*Work instruction:* Once you reach the line containing "Спиртовая салфетка АСЕПТИКА" in the entries below, write out that line and each one after it down to the line containing "Table 1For the", exactly and with nothing added.
[[ Dataset excerpts open ]]
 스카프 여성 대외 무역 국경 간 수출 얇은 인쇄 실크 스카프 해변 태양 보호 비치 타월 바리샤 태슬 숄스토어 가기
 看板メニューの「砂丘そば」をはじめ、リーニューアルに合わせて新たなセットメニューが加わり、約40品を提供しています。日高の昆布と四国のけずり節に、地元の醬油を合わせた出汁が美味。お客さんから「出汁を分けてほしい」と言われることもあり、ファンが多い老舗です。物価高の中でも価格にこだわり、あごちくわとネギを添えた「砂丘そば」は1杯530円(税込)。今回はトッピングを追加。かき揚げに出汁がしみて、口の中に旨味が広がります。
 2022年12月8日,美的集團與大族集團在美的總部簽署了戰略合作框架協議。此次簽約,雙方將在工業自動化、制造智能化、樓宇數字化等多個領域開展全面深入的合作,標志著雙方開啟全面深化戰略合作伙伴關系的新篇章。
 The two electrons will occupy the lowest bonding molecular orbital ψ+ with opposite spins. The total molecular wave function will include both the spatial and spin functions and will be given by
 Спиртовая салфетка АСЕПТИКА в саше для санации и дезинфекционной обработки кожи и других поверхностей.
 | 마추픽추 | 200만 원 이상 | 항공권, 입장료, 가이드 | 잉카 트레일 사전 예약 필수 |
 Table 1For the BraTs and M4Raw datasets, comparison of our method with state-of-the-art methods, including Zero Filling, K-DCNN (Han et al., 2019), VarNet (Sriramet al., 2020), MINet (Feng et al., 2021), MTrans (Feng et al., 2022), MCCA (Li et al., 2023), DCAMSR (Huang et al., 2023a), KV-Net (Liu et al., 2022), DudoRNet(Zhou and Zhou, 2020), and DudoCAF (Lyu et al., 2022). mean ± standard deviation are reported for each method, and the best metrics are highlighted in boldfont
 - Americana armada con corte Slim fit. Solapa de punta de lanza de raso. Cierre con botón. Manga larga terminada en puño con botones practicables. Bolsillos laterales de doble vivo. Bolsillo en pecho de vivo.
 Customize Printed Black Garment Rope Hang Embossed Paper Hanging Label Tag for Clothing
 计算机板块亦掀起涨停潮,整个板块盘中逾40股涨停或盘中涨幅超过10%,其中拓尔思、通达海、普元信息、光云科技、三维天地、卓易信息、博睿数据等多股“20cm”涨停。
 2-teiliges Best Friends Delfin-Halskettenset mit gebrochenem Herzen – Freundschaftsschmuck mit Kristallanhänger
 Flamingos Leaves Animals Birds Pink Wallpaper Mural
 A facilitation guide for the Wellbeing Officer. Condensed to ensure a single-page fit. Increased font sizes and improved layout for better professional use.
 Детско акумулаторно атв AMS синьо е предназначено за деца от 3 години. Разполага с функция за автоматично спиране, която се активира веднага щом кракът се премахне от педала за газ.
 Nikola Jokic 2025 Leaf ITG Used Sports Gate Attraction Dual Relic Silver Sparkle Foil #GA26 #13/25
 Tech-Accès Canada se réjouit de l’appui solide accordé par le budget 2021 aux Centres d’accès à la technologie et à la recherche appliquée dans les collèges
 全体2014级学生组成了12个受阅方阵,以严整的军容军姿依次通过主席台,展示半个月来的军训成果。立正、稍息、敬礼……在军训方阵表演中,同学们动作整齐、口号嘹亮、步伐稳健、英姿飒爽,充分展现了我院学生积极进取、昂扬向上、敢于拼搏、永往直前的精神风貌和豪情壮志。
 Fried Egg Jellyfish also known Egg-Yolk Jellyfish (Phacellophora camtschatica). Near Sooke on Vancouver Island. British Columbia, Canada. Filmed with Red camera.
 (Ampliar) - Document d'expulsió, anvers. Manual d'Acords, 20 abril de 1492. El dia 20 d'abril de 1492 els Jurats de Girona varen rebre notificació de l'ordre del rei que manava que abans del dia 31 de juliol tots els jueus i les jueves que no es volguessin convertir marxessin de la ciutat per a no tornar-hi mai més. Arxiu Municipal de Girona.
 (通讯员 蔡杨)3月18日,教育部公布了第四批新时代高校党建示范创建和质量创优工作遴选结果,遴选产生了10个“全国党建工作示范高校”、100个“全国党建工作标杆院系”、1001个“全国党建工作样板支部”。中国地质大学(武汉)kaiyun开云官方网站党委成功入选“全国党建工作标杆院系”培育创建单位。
[[ Dataset excerpts closed ]]
*Answer to this exercise:*
 Спиртовая салфетка АСЕПТИКА в саше для санации и дезинфекционной обработки кожи и других поверхностей.
 | 마추픽추 | 200만 원 이상 | 항공권, 입장료, 가이드 | 잉카 트레일 사전 예약 필수 |
 Table 1For the BraTs and M4Raw datasets, comparison of our method with state-of-the-art methods, including Zero Filling, K-DCNN (Han et al., 2019), VarNet (Sriramet al., 2020), MINet (Feng et al., 2021), MTrans (Feng et al., 2022), MCCA (Li et al., 2023), DCAMSR (Huang et al., 2023a), KV-Net (Liu et al., 2022), DudoRNet(Zhou and Zhou, 2020), and DudoCAF (Lyu et al., 2022). mean ± standard deviation are reported for each method, and the best metrics are highlighted in boldfont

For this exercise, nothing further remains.